The task:
Below are records to print word for word; include none of their pictures.

[Records from a collection]
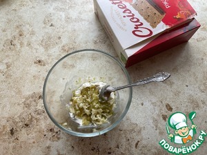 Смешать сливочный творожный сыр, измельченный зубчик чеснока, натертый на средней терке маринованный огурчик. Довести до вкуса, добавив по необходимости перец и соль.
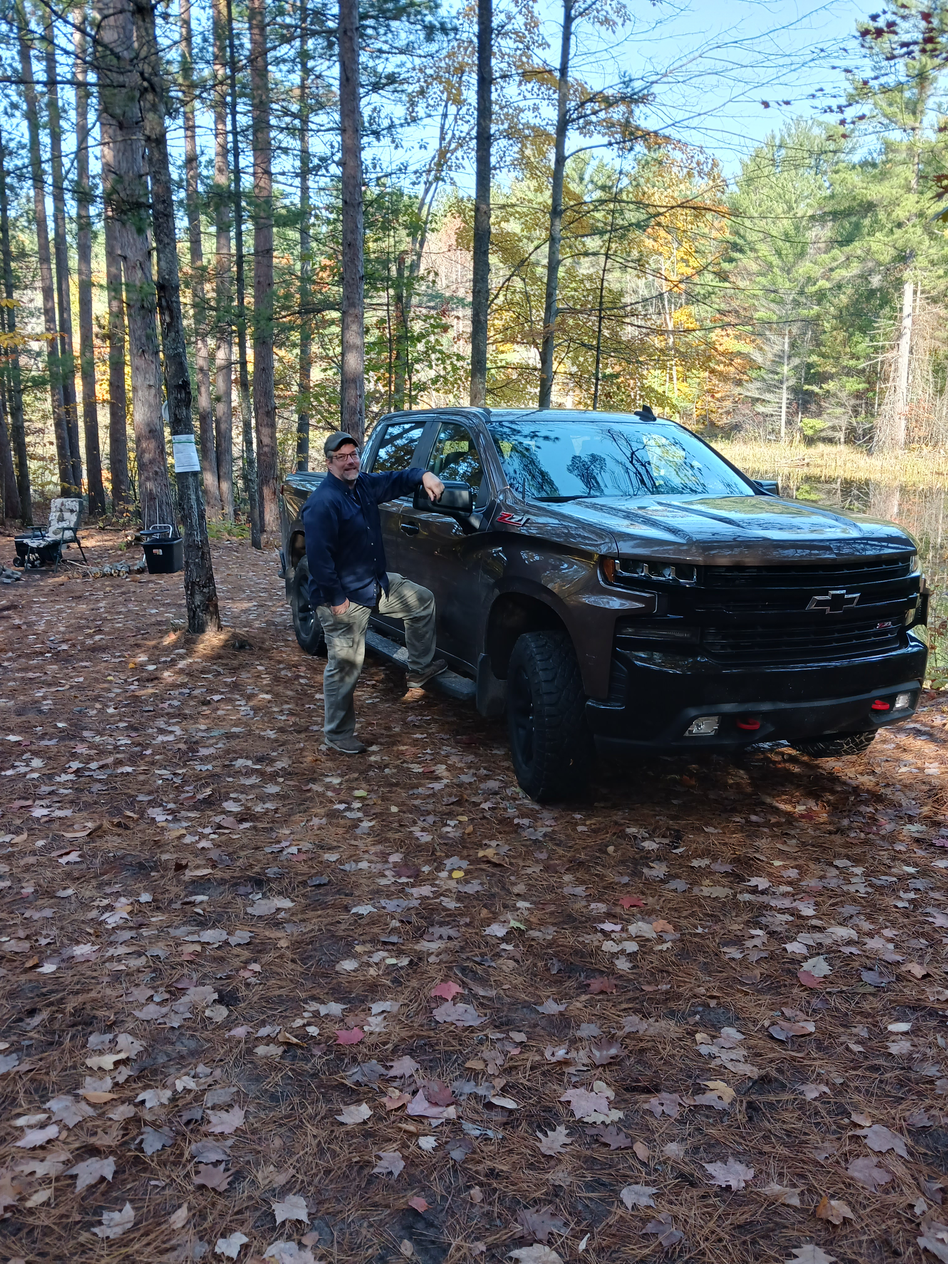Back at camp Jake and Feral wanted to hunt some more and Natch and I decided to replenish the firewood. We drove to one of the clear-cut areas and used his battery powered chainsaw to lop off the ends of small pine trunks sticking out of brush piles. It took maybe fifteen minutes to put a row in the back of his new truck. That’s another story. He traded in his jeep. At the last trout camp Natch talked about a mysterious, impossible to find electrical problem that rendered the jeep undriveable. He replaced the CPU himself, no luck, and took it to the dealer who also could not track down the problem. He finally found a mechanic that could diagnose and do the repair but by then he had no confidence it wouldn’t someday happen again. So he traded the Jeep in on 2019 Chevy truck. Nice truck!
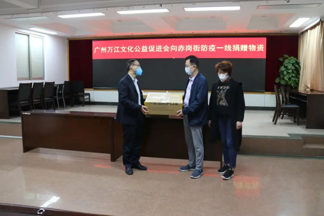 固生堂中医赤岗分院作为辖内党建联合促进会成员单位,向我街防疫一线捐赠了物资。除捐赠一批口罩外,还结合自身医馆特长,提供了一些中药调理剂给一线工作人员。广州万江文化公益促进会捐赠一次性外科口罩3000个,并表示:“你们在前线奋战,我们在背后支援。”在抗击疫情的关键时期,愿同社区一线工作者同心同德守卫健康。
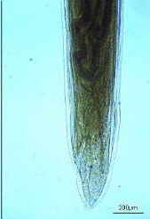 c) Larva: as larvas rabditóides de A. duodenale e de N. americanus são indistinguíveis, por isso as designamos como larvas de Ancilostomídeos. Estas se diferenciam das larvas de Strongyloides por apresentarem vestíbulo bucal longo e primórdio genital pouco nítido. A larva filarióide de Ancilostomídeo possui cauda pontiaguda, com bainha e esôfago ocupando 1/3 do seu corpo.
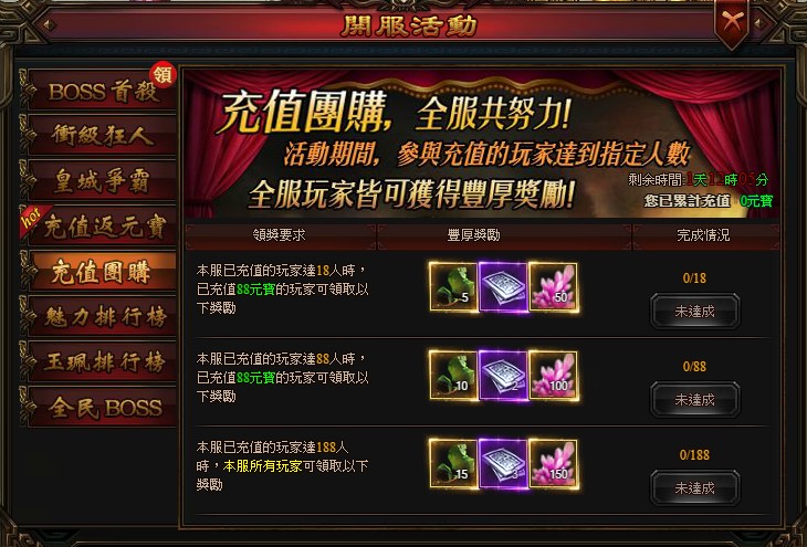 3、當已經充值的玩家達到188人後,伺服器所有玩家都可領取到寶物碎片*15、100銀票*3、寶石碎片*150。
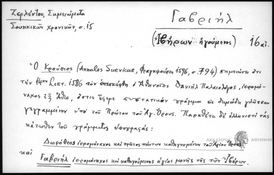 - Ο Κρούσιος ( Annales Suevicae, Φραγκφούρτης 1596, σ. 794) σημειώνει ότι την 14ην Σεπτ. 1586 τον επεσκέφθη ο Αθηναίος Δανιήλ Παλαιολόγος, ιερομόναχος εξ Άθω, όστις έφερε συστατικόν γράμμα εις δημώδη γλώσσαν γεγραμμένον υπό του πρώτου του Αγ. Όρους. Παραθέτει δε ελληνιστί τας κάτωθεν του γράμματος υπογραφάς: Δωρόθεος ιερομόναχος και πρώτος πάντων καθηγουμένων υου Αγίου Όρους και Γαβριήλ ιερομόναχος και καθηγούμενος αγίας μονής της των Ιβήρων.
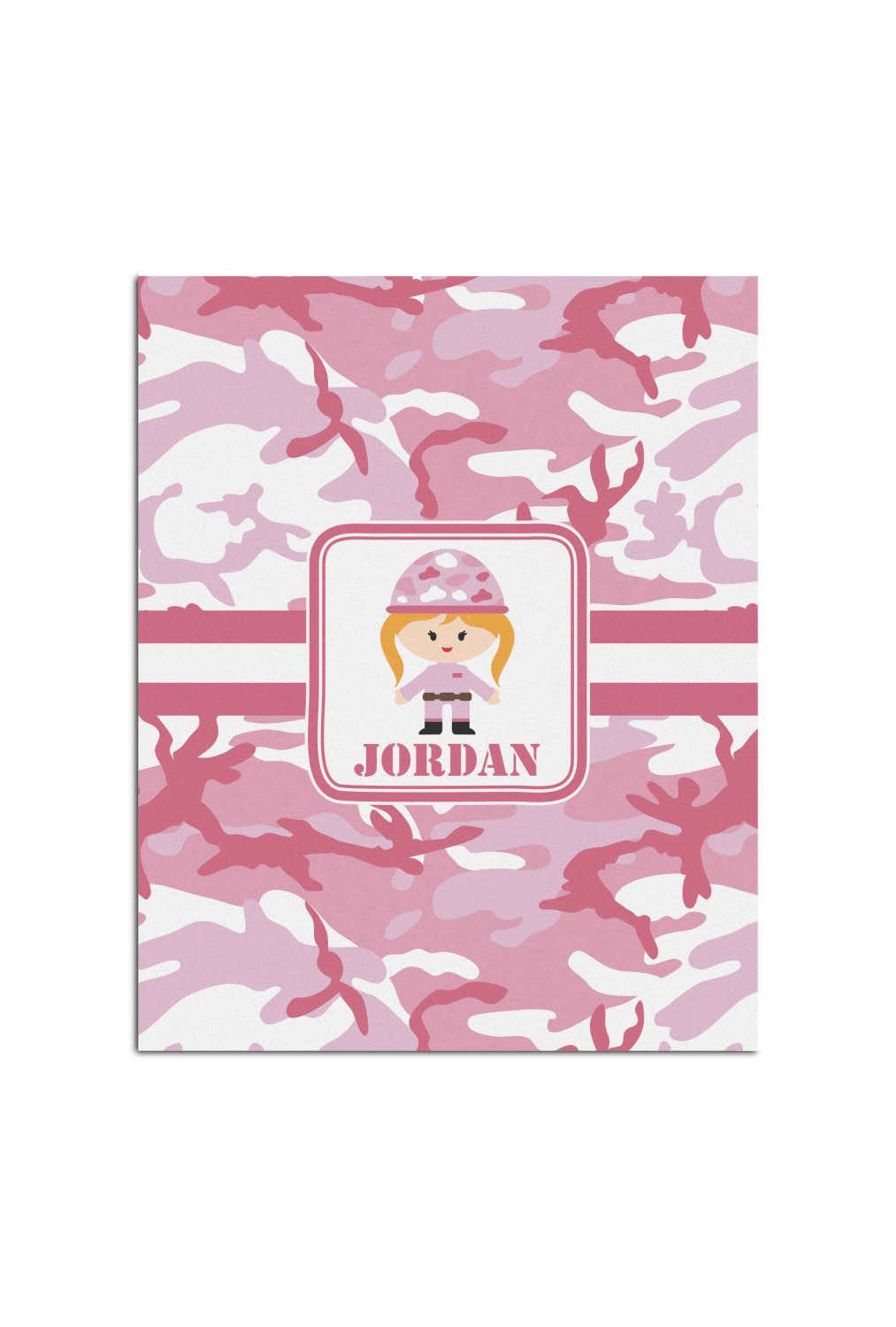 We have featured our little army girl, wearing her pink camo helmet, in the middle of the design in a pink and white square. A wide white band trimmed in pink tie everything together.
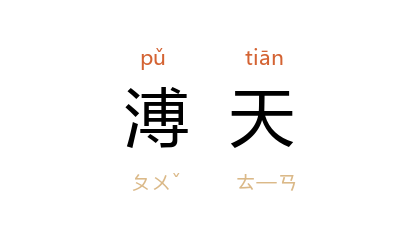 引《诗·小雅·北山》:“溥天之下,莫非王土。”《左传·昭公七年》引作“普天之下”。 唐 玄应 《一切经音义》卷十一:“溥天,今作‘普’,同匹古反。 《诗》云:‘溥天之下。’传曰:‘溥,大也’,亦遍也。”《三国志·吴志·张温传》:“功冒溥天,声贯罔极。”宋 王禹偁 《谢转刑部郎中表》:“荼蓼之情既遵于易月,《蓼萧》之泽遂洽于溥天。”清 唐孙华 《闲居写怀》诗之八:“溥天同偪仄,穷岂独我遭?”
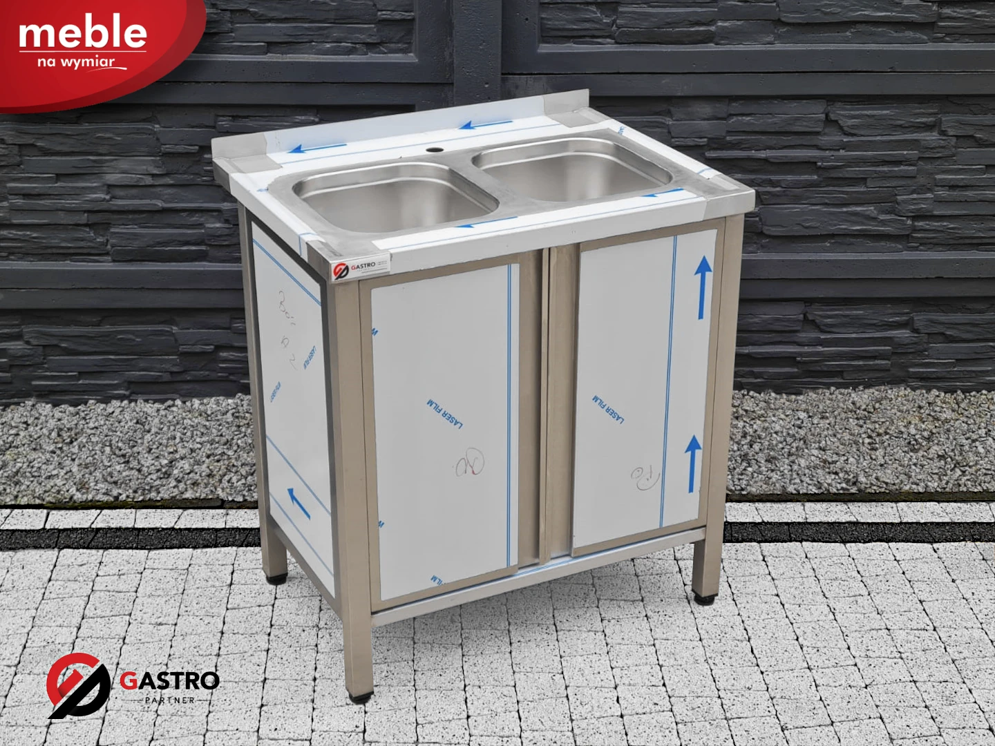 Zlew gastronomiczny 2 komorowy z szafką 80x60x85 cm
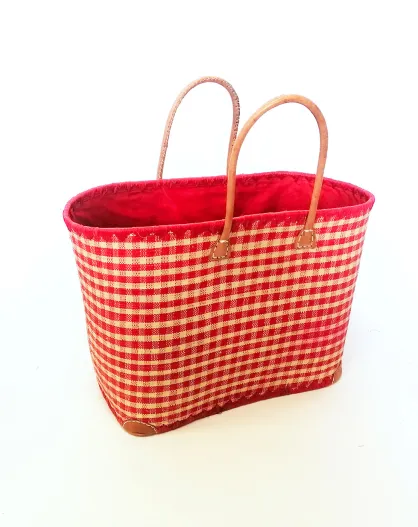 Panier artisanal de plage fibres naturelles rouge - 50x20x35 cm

The completed task:
 Смешать сливочный творожный сыр, измельченный зубчик чеснока, натертый на средней терке маринованный огурчик. Довести до вкуса, добавив по необходимости перец и соль.
Back at camp Jake and Feral wanted to hunt some more and Natch and I decided to replenish the firewood. We drove to one of the clear-cut areas and used his battery powered chainsaw to lop off the ends of small pine trunks sticking out of brush piles. It took maybe fifteen minutes to put a row in the back of his new truck. That’s another story. He traded in his jeep. At the last trout camp Natch talked about a mysterious, impossible to find electrical problem that rendered the jeep undriveable. He replaced the CPU himself, no luck, and took it to the dealer who also could not track down the problem. He finally found a mechanic that could diagnose and do the repair but by then he had no confidence it wouldn’t someday happen again. So he traded the Jeep in on 2019 Chevy truck. Nice truck!
 固生堂中医赤岗分院作为辖内党建联合促进会成员单位,向我街防疫一线捐赠了物资。除捐赠一批口罩外,还结合自身医馆特长,提供了一些中药调理剂给一线工作人员。广州万江文化公益促进会捐赠一次性外科口罩3000个,并表示:“你们在前线奋战,我们在背后支援。”在抗击疫情的关键时期,愿同社区一线工作者同心同德守卫健康。
 c) Larva: as larvas rabditóides de A. duodenale e de N. americanus são indistinguíveis, por isso as designamos como larvas de Ancilostomídeos. Estas se diferenciam das larvas de Strongyloides por apresentarem vestíbulo bucal longo e primórdio genital pouco nítido. A larva filarióide de Ancilostomídeo possui cauda pontiaguda, com bainha e esôfago ocupando 1/3 do seu corpo.
 3、當已經充值的玩家達到188人後,伺服器所有玩家都可領取到寶物碎片*15、100銀票*3、寶石碎片*150。
 - Ο Κρούσιος ( Annales Suevicae, Φραγκφούρτης 1596, σ. 794) σημειώνει ότι την 14ην Σεπτ. 1586 τον επεσκέφθη ο Αθηναίος Δανιήλ Παλαιολόγος, ιερομόναχος εξ Άθω, όστις έφερε συστατικόν γράμμα εις δημώδη γλώσσαν γεγραμμένον υπό του πρώτου του Αγ. Όρους. Παραθέτει δε ελληνιστί τας κάτωθεν του γράμματος υπογραφάς: Δωρόθεος ιερομόναχος και πρώτος πάντων καθηγουμένων υου Αγίου Όρους και Γαβριήλ ιερομόναχος και καθηγούμενος αγίας μονής της των Ιβήρων.
 We have featured our little army girl, wearing her pink camo helmet, in the middle of the design in a pink and white square. A wide white band trimmed in pink tie everything together.
 引《诗·小雅·北山》:“溥天之下,莫非王土。”《左传·昭公七年》引作“普天之下”。 唐 玄应 《一切经音义》卷十一:“溥天,今作‘普’,同匹古反。 《诗》云:‘溥天之下。’传曰:‘溥,大也’,亦遍也。”《三国志·吴志·张温传》:“功冒溥天,声贯罔极。”宋 王禹偁 《谢转刑部郎中表》:“荼蓼之情既遵于易月,《蓼萧》之泽遂洽于溥天。”清 唐孙华 《闲居写怀》诗之八:“溥天同偪仄,穷岂独我遭?”
 Zlew gastronomiczny 2 komorowy z szafką 80x60x85 cm
 Panier artisanal de plage fibres naturelles rouge - 50x20x35 cm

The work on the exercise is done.